Machine learning: Algorithmic fairness

Data imbalance and algorithmic fairness #

The potential for bias in machine learning models is an existential problem. Even the perception of bias has the potential to limit the adoption of this technology and relegate its use to hand-written digit recognition or scouring social media for cat images. In his 2020 NeurIPS address, Charles Isbell wrote:

Successful technological fields have a moment when they become pervasive, important, and noticed. They are deployed into the world and, inevitably, something goes wrong. A badly designed interface leads to an aircraft disaster. A buggy controller delivers a lethal dose of radiation to a cancer patient. The field must then choose to mature and take responsibility for avoiding the harms associated with what it is producing. Machine learning has reached this moment. In this talk, I will argue that the community needs to adopt systematic approaches for creating robust artifacts that contribute to larger systems that impact the real human world. I will share perspectives from multiple researchers in machine learning, theory, computer perception, and education; discuss with them approaches that might help us to develop more robust machine-learning systems; and explore scientifically interesting problems that result from moving beyond narrow machine-learning algorithms to complete machine-learning systems.

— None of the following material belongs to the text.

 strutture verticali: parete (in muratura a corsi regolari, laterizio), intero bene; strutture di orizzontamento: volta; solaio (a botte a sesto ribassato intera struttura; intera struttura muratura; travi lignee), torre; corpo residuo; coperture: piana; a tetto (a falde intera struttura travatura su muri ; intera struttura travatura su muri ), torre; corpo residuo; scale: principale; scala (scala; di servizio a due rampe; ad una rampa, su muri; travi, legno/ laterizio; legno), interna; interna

Charles is a character; I urge you to watch his talk even if you are not interested in this project. There are many ways to proceed, but below I offer an outline of a project.

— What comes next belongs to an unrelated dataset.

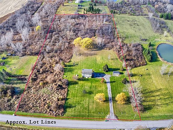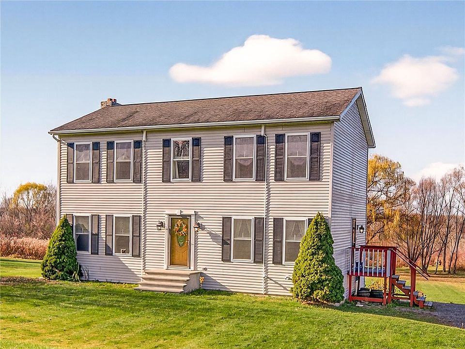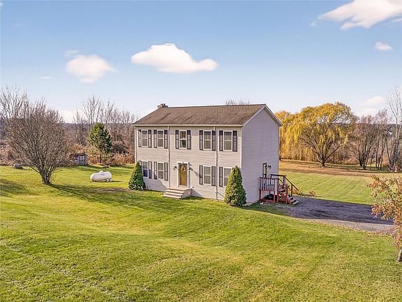 Welcome Home to this spacious 2700 Sq Ft Colonial style home nestled on a sprawling 8.26 acres. This property offers the ideal blend of classic design, updated decor & amenities, and peaceful seclusion. Upon entering through the side entry you are greeted by a spacious mud area and a convenient powder room. The kitchen has an open layout with a breakfast bar, fully applianced with newer SS oven/range, microwave, & refrigerator, plenty of cabinets. The formal dining room is ready to host your traditional favorites & special gatherings. The Great Room has large windows that allow for natural lighting, luxury laminate flooring, a mini-split unit for heating & cooling & sliders that lead to a newer Trex deck. On the 2nd floor has a spacious Primary bedroom with a walk-in closet, 2 additional bedrooms, a full bathroom with skylight, and a convenient 2nd floor laundry room. All 3 bedrooms have a mini-split unit providing personalized heating & cooling for year-round comfort. The 3/4 finished basement provides an additional 700 sq ft of versatile living space, with a rec area ideal for a media room, home gym, or play space, a Pellet stove, a powder room, & sliders that lead directly outside to a patio. Other utilities include: 200 amp electrical service, Boiler unit (2015), Tankless/On-Demand Water Heater (2yrs). The Ring Doorbell on the side entry is Active & will remain. Outside the 300 sq ft Outbuilding w/electrical service for yard tools & mowers, etc. The backyard has room to roam & a vast amount of greenspace ideal for yard games, cookouts, parties with plenty of guest parking, or just relaxing on the deck and/or patio & enjoying the scenery. Convenient location, minutes to rt 390, shopping, restaurants.

  • There is no fixed definition of algorithmic bias. Begin by reading this survey focused on quantitative definitions of fairness.

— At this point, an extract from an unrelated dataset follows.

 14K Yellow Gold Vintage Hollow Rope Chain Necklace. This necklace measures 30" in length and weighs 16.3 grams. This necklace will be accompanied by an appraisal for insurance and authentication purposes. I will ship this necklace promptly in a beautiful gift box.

  • My favorite method of assessing fairness in two-class classification tasks uses the detection error trade-off curve. As we have seen, in such problems there is a balance between false positive versus false negative error rates that can be encoded in the so-called DET curve. They are easy to implement in Python. Most importantly, one measure of disparate treatment of two populations via a classification algorithm is by a direct comparison of the DET curves as applied to each group.

I have two possible project ideas:

Project A. Find a data set, train a classifier, and construct separate DET curves for each of the populations present in the data. Is your algorithm fair, at least from this perspective? Look at Section 3 of this paper for some common data sets studied from this perspective, or examine this site for another large collection.

Project B. An oft-cited cause for algorithmic bias is data imbalance. A group with fewer members will tend to be more poorly served by a algorithm that relies on a large volume of data for its training. In this project, evaluate the impact of data imbalance on fairness. Train a model on a data set consisting of two groups and artificially vary the balance between the two in the training data. At what point does a difference emerge? As above, you can use DET curves to assess fairness, or choose your own favorite metric.